** Opening Exercise materials block **

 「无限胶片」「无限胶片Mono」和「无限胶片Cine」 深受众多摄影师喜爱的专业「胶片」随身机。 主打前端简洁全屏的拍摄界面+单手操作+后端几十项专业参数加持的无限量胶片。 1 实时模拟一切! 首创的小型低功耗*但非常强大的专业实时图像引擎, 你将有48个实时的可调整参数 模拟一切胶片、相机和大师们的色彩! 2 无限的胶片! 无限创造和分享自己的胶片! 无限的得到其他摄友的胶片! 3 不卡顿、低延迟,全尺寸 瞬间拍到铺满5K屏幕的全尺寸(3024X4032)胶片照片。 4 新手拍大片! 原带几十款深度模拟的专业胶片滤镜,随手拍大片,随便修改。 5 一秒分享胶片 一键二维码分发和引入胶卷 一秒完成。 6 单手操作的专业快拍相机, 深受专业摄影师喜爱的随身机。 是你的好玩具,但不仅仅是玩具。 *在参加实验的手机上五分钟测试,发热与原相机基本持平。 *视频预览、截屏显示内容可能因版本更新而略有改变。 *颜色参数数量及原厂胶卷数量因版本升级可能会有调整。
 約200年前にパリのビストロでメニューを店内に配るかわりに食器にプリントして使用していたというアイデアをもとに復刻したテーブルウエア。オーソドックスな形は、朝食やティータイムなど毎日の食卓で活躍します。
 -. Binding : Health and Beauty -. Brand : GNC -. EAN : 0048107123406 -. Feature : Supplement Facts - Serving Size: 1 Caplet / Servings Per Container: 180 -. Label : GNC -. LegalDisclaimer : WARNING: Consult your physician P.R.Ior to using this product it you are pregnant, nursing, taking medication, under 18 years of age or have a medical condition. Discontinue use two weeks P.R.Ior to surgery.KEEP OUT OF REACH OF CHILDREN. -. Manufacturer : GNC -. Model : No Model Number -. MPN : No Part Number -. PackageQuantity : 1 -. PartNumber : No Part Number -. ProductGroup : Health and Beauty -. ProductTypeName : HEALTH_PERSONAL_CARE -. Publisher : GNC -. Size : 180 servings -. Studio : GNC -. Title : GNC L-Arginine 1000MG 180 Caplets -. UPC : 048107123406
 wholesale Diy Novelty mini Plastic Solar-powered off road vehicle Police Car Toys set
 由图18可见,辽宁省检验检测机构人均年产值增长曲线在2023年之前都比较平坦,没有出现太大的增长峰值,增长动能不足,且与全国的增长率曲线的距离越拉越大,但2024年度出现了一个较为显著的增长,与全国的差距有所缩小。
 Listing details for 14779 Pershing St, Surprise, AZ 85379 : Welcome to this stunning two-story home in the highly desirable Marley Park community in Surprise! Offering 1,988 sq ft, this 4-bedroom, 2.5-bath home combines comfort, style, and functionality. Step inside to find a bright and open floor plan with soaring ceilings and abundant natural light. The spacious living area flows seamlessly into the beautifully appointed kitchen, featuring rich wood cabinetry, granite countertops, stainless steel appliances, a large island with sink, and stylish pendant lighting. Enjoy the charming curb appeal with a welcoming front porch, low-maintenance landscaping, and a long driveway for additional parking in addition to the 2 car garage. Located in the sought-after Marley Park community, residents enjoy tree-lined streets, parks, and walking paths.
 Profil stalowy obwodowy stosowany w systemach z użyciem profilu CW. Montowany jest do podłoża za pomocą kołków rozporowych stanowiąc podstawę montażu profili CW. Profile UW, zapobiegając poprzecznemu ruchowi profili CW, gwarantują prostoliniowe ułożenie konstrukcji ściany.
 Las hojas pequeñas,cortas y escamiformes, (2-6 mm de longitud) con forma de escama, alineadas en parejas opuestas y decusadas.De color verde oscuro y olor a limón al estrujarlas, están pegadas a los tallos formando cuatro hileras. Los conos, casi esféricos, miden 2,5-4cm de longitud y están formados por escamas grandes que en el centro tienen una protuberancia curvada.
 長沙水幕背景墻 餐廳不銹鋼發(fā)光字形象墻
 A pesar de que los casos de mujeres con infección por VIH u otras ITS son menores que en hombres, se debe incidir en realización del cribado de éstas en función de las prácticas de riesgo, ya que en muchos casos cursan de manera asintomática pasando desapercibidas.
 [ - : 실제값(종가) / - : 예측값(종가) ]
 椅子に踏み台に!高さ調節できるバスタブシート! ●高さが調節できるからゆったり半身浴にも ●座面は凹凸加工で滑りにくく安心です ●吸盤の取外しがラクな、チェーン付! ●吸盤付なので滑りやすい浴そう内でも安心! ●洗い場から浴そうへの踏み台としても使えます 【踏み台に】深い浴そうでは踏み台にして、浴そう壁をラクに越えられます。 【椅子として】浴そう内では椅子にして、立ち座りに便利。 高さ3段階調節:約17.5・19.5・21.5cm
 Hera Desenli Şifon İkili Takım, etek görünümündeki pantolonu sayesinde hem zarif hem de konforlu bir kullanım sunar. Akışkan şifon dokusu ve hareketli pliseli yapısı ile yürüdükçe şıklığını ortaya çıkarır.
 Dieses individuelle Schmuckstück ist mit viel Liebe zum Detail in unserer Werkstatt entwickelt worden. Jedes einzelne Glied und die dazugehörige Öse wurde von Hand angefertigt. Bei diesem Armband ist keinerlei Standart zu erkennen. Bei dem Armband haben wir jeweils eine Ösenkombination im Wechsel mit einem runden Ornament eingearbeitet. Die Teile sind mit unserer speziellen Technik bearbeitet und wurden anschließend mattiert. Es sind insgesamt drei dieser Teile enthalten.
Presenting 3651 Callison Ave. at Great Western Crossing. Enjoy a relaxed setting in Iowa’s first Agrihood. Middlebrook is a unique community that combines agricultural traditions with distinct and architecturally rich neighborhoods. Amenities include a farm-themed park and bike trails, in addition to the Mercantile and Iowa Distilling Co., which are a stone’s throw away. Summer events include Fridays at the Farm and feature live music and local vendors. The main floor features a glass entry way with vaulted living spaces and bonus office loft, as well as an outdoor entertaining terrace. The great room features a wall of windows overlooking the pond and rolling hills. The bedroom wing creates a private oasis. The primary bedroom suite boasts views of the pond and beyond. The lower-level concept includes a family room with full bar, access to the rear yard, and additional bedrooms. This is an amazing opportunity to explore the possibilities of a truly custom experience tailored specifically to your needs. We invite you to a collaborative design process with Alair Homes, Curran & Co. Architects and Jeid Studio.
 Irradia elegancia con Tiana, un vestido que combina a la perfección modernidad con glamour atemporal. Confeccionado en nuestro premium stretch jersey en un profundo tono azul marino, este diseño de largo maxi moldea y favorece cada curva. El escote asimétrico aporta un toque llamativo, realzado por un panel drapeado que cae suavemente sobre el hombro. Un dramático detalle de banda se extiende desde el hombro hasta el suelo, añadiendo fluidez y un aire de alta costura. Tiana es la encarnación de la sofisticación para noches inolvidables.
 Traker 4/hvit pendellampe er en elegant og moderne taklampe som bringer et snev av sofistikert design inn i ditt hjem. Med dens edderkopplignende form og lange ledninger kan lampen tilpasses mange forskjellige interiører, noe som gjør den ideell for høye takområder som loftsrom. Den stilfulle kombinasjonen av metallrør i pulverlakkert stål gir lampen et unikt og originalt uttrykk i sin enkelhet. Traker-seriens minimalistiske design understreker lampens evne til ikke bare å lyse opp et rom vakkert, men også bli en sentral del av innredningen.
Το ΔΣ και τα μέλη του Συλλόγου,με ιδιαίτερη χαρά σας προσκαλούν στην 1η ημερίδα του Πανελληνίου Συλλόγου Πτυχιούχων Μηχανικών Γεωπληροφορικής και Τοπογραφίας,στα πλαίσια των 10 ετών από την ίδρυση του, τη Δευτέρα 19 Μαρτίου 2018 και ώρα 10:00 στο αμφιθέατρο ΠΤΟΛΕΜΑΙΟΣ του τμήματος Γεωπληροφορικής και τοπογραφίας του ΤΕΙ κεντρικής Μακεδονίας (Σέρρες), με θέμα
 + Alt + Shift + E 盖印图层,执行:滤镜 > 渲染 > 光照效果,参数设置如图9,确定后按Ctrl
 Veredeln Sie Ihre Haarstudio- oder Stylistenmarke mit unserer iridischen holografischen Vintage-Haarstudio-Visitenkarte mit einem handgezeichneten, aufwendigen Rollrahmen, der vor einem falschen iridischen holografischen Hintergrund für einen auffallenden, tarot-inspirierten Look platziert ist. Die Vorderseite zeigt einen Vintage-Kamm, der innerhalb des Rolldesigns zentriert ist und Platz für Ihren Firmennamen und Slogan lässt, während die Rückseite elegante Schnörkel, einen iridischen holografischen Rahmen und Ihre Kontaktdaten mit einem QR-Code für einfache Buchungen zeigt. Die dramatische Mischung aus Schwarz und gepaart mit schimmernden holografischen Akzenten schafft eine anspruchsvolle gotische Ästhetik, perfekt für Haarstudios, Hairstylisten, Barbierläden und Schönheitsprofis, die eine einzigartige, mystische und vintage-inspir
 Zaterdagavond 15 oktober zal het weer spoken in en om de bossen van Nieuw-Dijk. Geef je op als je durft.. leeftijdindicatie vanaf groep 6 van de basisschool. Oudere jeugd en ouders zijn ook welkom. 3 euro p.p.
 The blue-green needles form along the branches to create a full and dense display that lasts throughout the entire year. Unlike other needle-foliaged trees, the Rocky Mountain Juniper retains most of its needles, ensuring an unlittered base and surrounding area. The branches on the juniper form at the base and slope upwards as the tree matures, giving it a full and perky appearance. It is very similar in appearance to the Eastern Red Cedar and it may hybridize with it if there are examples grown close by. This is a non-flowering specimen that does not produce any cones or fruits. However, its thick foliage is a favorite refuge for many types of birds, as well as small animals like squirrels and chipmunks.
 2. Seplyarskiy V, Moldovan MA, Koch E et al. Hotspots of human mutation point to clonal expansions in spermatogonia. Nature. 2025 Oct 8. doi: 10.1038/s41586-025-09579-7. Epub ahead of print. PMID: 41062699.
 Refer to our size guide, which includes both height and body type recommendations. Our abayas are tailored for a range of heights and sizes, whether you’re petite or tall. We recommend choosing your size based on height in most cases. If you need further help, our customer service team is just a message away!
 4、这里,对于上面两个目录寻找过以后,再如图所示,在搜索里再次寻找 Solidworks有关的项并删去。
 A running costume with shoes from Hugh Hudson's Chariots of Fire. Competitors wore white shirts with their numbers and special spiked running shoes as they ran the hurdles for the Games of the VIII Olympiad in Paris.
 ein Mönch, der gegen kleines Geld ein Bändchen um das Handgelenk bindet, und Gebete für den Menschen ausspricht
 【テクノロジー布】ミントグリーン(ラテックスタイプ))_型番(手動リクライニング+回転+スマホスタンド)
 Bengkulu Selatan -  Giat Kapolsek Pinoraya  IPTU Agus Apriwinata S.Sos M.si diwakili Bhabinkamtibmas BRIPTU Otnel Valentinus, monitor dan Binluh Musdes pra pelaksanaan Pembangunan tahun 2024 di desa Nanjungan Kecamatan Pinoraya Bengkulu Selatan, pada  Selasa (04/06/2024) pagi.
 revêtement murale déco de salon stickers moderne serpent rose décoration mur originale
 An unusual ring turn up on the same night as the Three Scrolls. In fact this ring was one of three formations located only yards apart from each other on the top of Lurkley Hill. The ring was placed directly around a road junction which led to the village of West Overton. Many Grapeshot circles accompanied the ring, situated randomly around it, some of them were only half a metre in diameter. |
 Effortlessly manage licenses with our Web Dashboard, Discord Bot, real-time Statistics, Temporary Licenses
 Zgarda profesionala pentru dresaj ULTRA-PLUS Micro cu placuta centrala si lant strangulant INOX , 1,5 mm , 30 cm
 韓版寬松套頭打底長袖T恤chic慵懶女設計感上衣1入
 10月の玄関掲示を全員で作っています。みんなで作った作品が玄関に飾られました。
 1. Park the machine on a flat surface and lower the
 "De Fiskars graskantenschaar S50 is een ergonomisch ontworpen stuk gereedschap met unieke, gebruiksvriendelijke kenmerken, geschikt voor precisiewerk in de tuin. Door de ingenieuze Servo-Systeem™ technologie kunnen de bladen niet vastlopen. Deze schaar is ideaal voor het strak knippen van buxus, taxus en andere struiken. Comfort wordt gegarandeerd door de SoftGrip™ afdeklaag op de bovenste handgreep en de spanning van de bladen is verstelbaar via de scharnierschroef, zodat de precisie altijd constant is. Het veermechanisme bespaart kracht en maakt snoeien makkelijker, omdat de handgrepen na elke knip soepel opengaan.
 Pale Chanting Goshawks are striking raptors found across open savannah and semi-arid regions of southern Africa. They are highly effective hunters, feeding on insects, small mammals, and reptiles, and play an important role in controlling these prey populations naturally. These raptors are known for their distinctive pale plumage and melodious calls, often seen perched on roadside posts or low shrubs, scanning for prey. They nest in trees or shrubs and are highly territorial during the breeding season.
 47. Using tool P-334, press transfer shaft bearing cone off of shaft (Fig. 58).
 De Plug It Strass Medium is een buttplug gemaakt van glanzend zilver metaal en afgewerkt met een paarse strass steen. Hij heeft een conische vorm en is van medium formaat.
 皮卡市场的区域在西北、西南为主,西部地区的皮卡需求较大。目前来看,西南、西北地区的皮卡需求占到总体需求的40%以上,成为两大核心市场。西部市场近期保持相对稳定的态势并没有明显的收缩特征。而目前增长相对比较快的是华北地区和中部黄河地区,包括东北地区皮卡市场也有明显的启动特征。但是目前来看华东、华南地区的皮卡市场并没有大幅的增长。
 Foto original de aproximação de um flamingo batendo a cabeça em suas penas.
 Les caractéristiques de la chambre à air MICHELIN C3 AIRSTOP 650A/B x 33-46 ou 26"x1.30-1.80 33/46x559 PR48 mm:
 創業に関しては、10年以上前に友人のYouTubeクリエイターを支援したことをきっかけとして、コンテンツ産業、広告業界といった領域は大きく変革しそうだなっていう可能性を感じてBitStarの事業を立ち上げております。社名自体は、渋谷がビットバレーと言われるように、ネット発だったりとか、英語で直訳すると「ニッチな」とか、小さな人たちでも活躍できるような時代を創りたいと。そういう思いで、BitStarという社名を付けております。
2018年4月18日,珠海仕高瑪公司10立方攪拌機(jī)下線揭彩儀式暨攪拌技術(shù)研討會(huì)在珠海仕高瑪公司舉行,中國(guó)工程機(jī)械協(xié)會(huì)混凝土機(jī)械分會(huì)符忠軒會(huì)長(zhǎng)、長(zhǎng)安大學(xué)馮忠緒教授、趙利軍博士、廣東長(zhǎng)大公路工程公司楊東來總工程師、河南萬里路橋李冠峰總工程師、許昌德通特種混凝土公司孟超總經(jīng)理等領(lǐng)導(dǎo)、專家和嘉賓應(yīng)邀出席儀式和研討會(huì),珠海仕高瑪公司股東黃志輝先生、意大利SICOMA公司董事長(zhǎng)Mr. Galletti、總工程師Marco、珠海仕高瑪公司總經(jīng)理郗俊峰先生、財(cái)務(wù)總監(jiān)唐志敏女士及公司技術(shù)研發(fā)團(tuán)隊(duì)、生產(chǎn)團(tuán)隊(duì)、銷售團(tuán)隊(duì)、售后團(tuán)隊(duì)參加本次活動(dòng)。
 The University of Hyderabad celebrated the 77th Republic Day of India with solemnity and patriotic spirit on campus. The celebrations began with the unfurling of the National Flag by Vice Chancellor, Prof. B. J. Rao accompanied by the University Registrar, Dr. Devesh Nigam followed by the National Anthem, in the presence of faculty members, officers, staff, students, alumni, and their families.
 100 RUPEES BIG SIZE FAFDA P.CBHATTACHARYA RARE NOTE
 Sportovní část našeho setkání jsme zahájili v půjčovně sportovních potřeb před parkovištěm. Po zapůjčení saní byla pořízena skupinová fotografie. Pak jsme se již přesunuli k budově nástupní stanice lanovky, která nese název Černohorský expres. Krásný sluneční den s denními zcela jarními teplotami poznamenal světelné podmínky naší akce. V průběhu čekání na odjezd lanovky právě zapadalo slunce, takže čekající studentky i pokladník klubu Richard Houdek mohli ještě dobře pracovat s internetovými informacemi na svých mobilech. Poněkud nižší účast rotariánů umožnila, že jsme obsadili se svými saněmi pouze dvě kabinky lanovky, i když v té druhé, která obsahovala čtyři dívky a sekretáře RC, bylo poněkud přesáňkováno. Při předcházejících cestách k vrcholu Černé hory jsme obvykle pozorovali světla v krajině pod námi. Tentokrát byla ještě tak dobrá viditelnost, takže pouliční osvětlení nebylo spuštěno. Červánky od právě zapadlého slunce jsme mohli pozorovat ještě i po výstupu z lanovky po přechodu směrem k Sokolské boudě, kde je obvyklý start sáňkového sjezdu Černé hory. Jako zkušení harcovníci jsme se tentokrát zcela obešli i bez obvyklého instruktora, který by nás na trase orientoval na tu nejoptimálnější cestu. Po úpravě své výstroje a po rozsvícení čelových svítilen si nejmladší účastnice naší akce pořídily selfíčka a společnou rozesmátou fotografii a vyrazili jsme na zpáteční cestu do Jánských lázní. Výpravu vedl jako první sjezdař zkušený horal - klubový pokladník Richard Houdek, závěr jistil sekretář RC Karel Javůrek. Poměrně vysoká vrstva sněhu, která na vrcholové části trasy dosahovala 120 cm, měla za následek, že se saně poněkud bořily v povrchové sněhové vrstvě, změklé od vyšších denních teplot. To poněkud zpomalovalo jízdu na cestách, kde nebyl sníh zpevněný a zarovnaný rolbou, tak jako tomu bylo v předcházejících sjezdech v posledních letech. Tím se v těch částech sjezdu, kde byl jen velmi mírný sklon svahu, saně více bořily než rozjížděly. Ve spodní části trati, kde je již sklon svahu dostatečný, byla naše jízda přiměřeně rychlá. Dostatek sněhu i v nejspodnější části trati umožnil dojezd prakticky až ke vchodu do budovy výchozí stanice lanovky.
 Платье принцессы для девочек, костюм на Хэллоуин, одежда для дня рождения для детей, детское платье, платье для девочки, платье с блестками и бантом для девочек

** Closing Exercise materials block **

Single out each line of the records above with the string "accompanied" in it, and copy it.

◆ **Answer below**:
 An unusual ring turn up on the same night as the Three Scrolls. In fact this ring was one of three formations located only yards apart from each other on the top of Lurkley Hill. The ring was placed directly around a road junction which led to the village of West Overton. Many Grapeshot circles accompanied the ring, situated randomly around it, some of them were only half a metre in diameter. |
 The University of Hyderabad celebrated the 77th Republic Day of India with solemnity and patriotic spirit on campus. The celebrations began with the unfurling of the National Flag by Vice Chancellor, Prof. B. J. Rao accompanied by the University Registrar, Dr. Devesh Nigam followed by the National Anthem, in the presence of faculty members, officers, staff, students, alumni, and their families.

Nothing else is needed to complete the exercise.